I remember growing up, getting excited on Pancake Tuesday Eve. I’d struggle to get to sleep and when I woke up at an annoyingly early time the whole house would have to rally before we could go downstairs and check to see if Father Lent had been. He always had, leaving maple syrup under the Shrove tree because we’d been good that year.
This annual festival of *squints* “Using up flour, milk and eggs before 40 days of fasting” has felt a bit random and detached for me. Having been raised in a mostly catholic house in the noughties, our preparation for Lent wasn’t about using up the things we planned to give up but rather buying the things we needed to substitute what we were cutting out.

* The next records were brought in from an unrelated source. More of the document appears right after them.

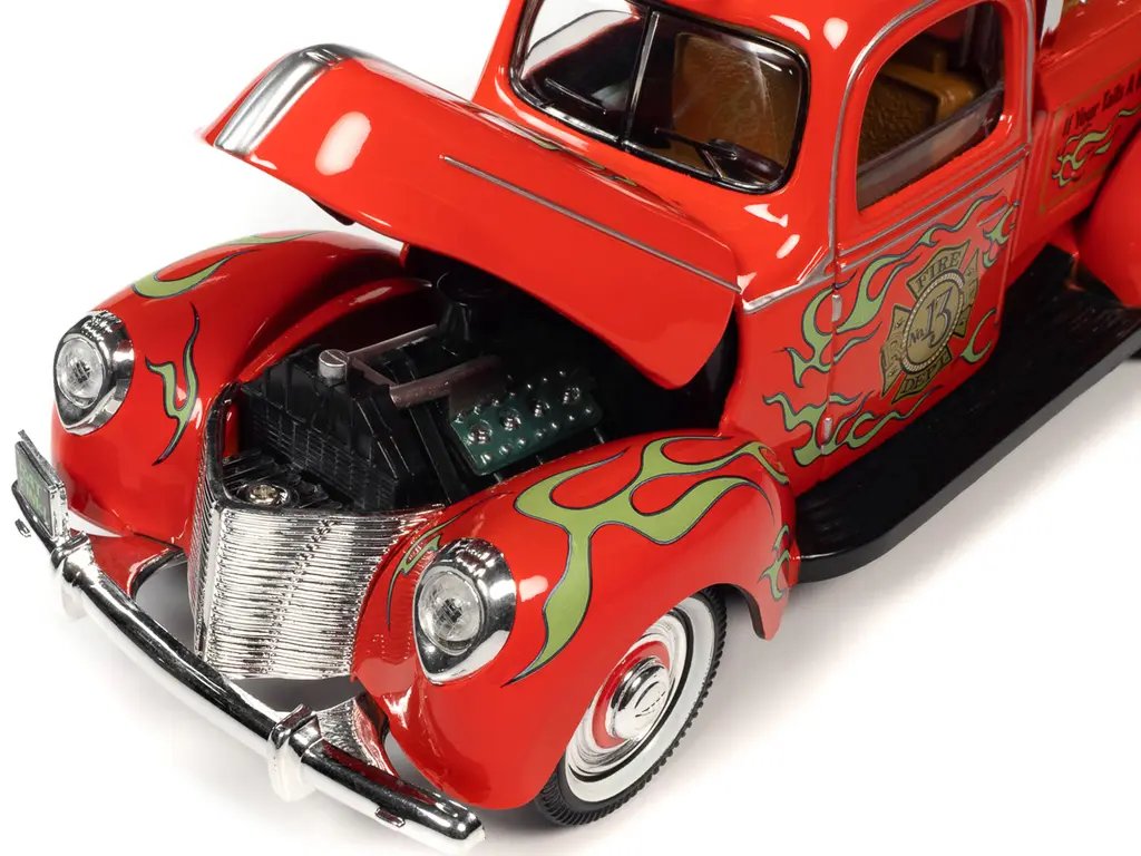The model is a stunning 1/18 scale replica of a classic fire engine truck, painted in a vibrant fire engine red that captures the essence of vintage emergency vehicles. Adorned with intricate Rat Fink graphics, this model is a visual feast, showcasing the rebellious spirit and artistic flair that Rat Fink is known for. The attention to detail is impeccable, from the authentic fire engine features like ladders and hoses to the gleaming chrome accents that add a touch of realism and elegance.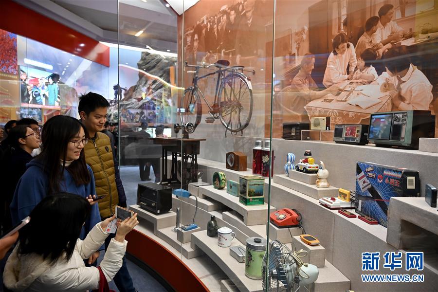 參觀者在“歷史巨變”展區觀看生活用品陳列。新華社記者李鑫 攝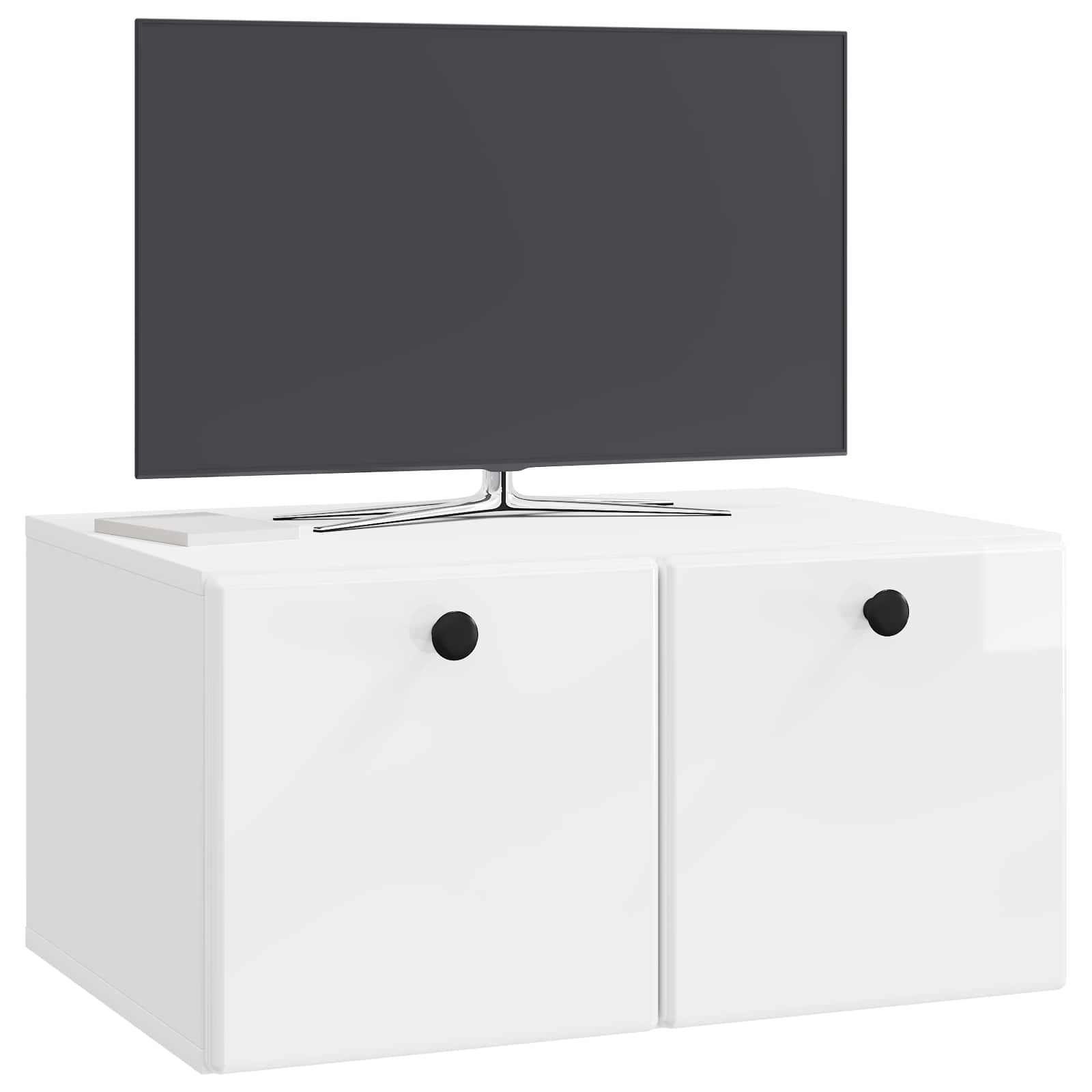 Seinälle asennettava TV-kaappi Korkeakiiltoinen valkoinen

“What are you giving up for lent?” - “Chocolate this year”, I’d respond, as if it wasn’t the same every year; and without mentioning that my sister and I were about to dramatically increase our consumption of Nestle Caramacs and McVitie's Gold Bars, as while they are chocolate-like, they do not contain any cocoa. Catholic school may never have taught me how to use a condom but at least I know the religious loopholes that allow one to survive 40 days without a Dairy Milk.
The traditional list of things that are supposed to be used up ahead of fasting is now very out of date. The modern pancake recipe can now include cinnamon, buttermilk, buckwheat flour, sour cream and any number of things the middle class pancake flipper wants to include.
While I was kidding at the start about the commercial prominence of this special day (apart from the songs - who doesn't love a heartwarming rendition of Nat King Cole singing “Chestnuts roasting on an open fire, pancakes flipping on the stove”?) I have seen slightly more things than I have in previous years, like stands in supermarkets offering frying pan and batter mix combo-deals that made me think, who is this for? That said, it was a nice looking pan; the one with the red dot in the middle that used to only be sold by JML at Woolworths.
There’s a fairly successful track record of taking religious holidays and events, slapping some capitalist gloss on them and turning them into secular societal norms. I’m not lamenting the dereligionisation of these events but I just think that if we’re going to put all our eggs (hiya Easter, we don’t have time for you right now) into the Shrove Tuesday basket, let’s lead with the better version.
Early at work recently a colleague brought in a bag of doughnuts and proclaimed ‘Happy fat Thursday’. Before I had the chance to take great offence and explain that I was still carrying some baby fat, she explained that in Poland they don’t have pancakes on a Tuesday but doughnuts five days before and it’s called Fat Thursday or tłusty czwartek. Despite the cost of ingredients being 20-30% higher than a year ago, Poles still queued out the door and round the block for the sweet treats.
We’ve been whisking batter, scratching pans and saying ‘the first one is always crap’ for years when we could have been having a box of delicious “pączki” filled with fruit or rose jam. It could already be catching on in the UK as this year a Polish bakery in Leeds sold 1500 donuts in one day… Which sounds like a challenge I'd be willing to accept.